# Seaweed for Betta ok?



## Calmwaters (Sep 2, 2009)

At the Petsmart they have dried seaweed (I think it is Seaweed) that it says you can give to fish to eat would that be ok to give to my Betta? If not what else besides flakes can I give her?


----------



## Jupiter (Aug 30, 2009)

I don't think so, bettas aren't really able to digest vegetable matter well. You can give frozen, live, or freeze-dried food such as brine shrimp and blood worms.

Edit: Forgot to mention...they should only be used as treats. Once or twice a week at most.


----------



## Calmwaters (Sep 2, 2009)

Ok so most of the time flakes, I have dried blood worms as a treat right now. She really liked those yesterday. LOL


----------



## Kim (Apr 30, 2008)

Are you feeding betta flakes? The only kind of flakes that I use are bettamin flakes. Topical fish flakes won't cut it because they have too much vegetable matter. Some foods you can use are:

Hikari Betta Bio-Gold pellets
frozen brine shrimp, daphnia, and bloodworms


----------



## kelly528 (Aug 31, 2009)

Here is my menu:
_-Hikari Betta Pellets
-Generic Betta Pellets from a Canadian big box pet store
-Sinking Granules that I feed my tropical fish
-Frozen Bloodworms
-Frozen brine shrimp
-Frozen pea (his favorite







but only as a treat.)
-A few baby pond snails
-The aphids that live on top of his floating plants.

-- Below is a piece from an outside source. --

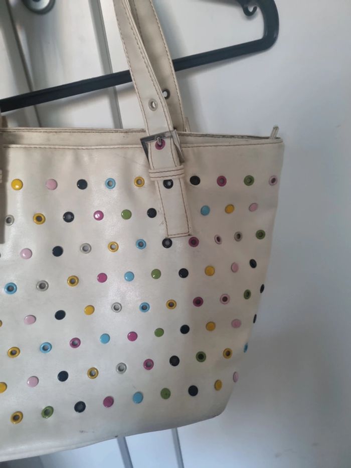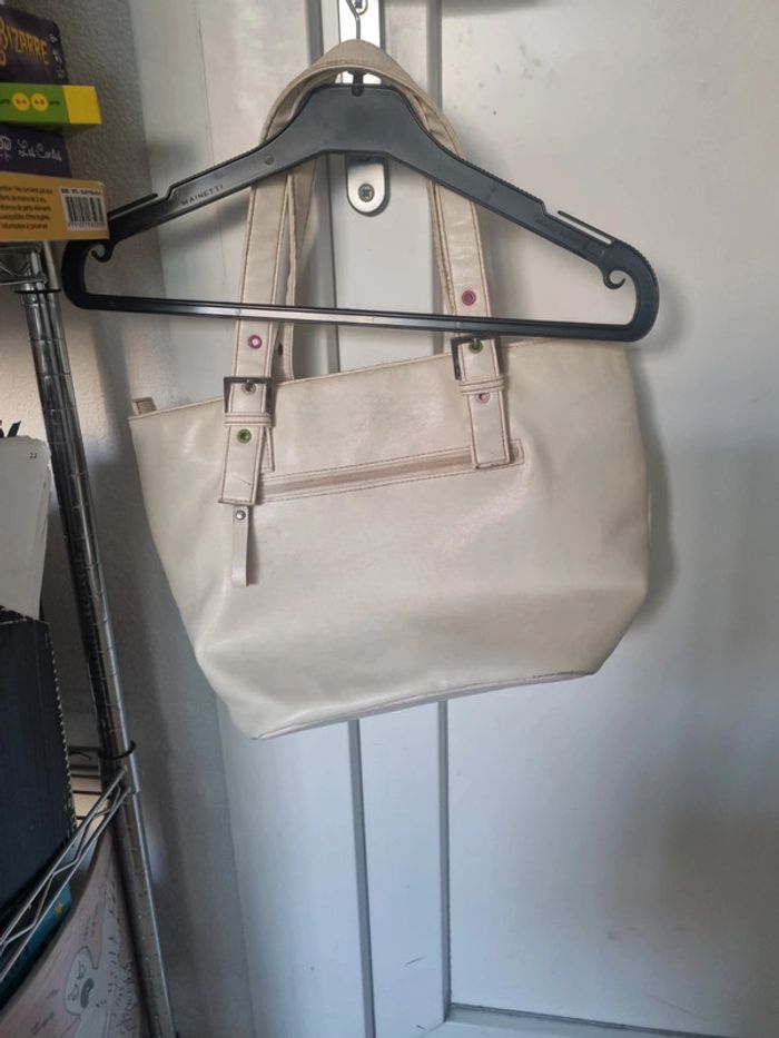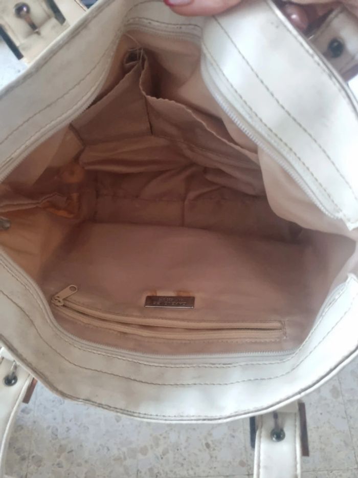 Sac à main cloutés, nombreuses poches, crème 39cm sur 25cm et 18cm de largeur, quelques légères traces #somara66sac

I'll probably give him the occasional newborn endler when they overrun my 10g.
_
I find that once you have a couple of tanks with different species of fish you can just start mixing and matching their food for variety. Also, even choosing different brands of the same food will offer them good variety. I heard of someone on another forum feeding his guys 'betta mix', which was just a mixture of 6 types of betta pellets! Honestly, I feed my guy just about any carnivore-based food that won't bloat him. Stay away from garden bugs though, as they may have pesticides on them.


----------



## Calmwaters (Sep 2, 2009)

I have been giveing them tropical flakes and about 2-3 times a week giveing freeze dried bloodworms. But now that I know I should be giving flakes exspecially for Bettas I will go get some when I get off work in 50 min. How long are the frozen foods good for? I could get some of that while I am there. I think I would have to dethaw it before I give it to them right? Also how much/how often should I feed the frozen? In one tank it is just my girl and the shrimp but in the other there is my male, a guppy, an oto , 4 glofish, and some bladder snails that hitched a ride in on a plant.


----------



## dramaqueen (Jul 7, 2008)

I also feed mine BettaMin flakes.


----------



## Kim (Apr 30, 2008)

Yup, frozen should be thawed. I place mine in the microwave for 14 seconds or so then feed with tweezers to avoid overdoing it. They last for a while, you just make sure that when you thaw it everything looks good and doesn't have a foul odor. If you have several tanks you can feed it to your other fish too (except for the otto but I can guarantee that he won't touch it) and you shouldn't have to worry about having it for too long. I feed one feeding of each frozen food (daphnia, brine shrimp, and bloodworm) once a week. In the morning I always feed pellets and on the days that they don't get frozen for supper I feed pellets as well. When I feel like dealing with distributing flakes I'll do that instead of one feeding of pellets. I usually use the daphnia on fast day...that means no feeding in the morning and a small portion of daphnia at night.


----------



## kelly528 (Aug 31, 2009)

Calmwaters said:


> I have been giveing them tropical flakes and about 2-3 times a week giveing freeze dried bloodworms. But now that I know I should be giving flakes exspecially for Bettas I will go get some when I get off work in 50 min. How long are the frozen foods good for? I could get some of that while I am there. I think I would have to dethaw it before I give it to them right? Also how much/how often should I feed the frozen? In one tank it is just my girl and the shrimp but in the other there is my male, a guppy, an oto , 4 glofish, and some bladder snails that hitched a ride in on a plant.


Frozen foods are pretty much good forever--- just avoid thawing and re-freezing it. Not very food safe lol! They usually come in convenient blister packs. You will want to cut the frozen cube in half and feed the guys half a cube in one go. Store the rest in a baggie, pill case, etc. until the next feeding. You'll be doing well if you feed one cube per week that way.

I thaw mine by putting it in a brine shrimp net and running hot water over it in the laundry room sink. That way it is strained as it thaws (you'll want to strain them to get all the nasty water they come in out).

Bladder snails are what I feed my betta--- the little babies are perfect for them.

Speaking of flakes, look into granules. They take in less water and are usually tastier for fish too. They come in different granule sizes so you can pick one small enough for your guppies and glofish.


----------